Homing in on data that tracks attendees’ events journey can also help businesses build a case for a unified strategy.

Indeed, examining attendee data can help drive an ROI strategy, says Sharon Crichton, EVP and global head of production at brand experience agency and ANA member company Jack Morton.

The agency, whose clients include Facebook, Google, and EY, has deployed apps that use facial recognition to track attendee engagement and apps to gather real-time feedback on live presentations.

Jack Morton has also conducted mobile feedback polls and collected feedback from social media sentiment to adjust event content accordingly. “It’s no longer, ‘You build it, and they will come,'” Crichton says. “It’s a customer-first mindset, and then build your filter experience based on the value that they want.”

Publish Once, Distribute Many

Leveraging customer insights to drive better ROI held great appeal among the respondents to the Cvent survey.
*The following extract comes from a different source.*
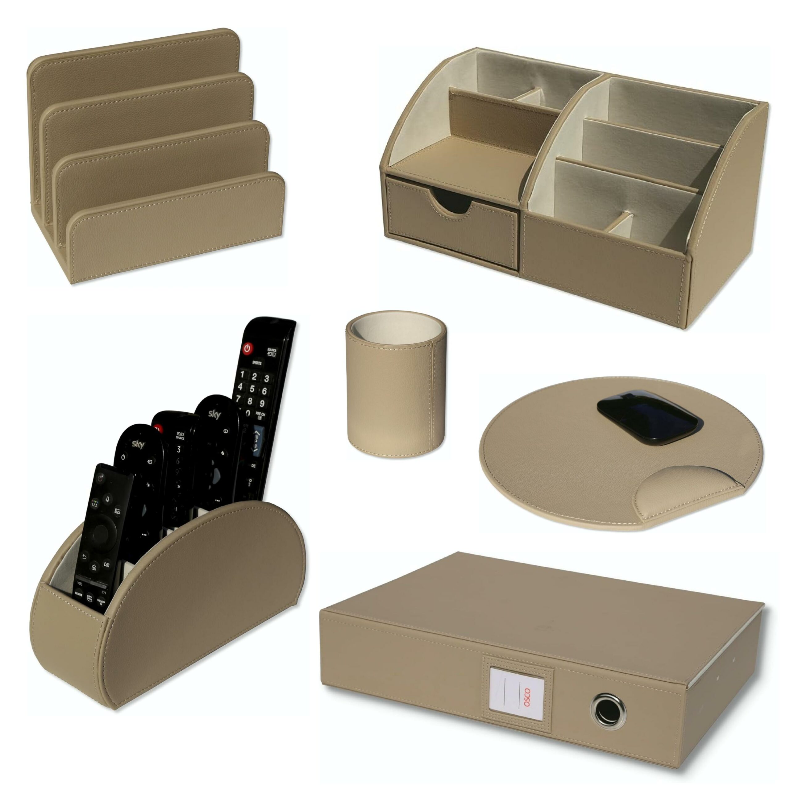 Desktop Accessories Faux Leather Taupe OSCO

The top response when asked what benefits they expected to see from modernizing their events was the ability to use attendee activity and feedback data to continuously improve event impact (51 percent).

Other top-ranking concerns were the ability to attribute event activity to pipeline and revenue (47 percent), more predictable attendee participation (44 percent), and the ability to make smarter investment choices across an event portfolio (43 percent).

Maximizing the data can help B2B companies lower costs — without sacrificing attendee value or experience — and generate higher lead conversion, according to Gartner’s Uher Ferguson. “Virtual events are not inherently less resource-intensive in terms of budget and talent,” she says.

Personalized content that is focused and targeted on smaller audiences may be best to communicate value in more targeted ways, such as a webinar, thus reducing technology costs.

Likewise, large-scale in-person conferences can be scaled back for niche audiences. Workshops, roundtable discussion, and keynote speeches may not be necessary for attendees to see the value of the conference; plenty of people attend for the networking opportunities.

The simple act of creating an event that showcases relevant dialogue may be sufficient enough to drive repeat attendees and boost ROI.

“People want to come and listen to those conversations,” Gandhi says. To truly grab the audience and nurture long-term relationships, “don’t create a company conference, create an industry conference.”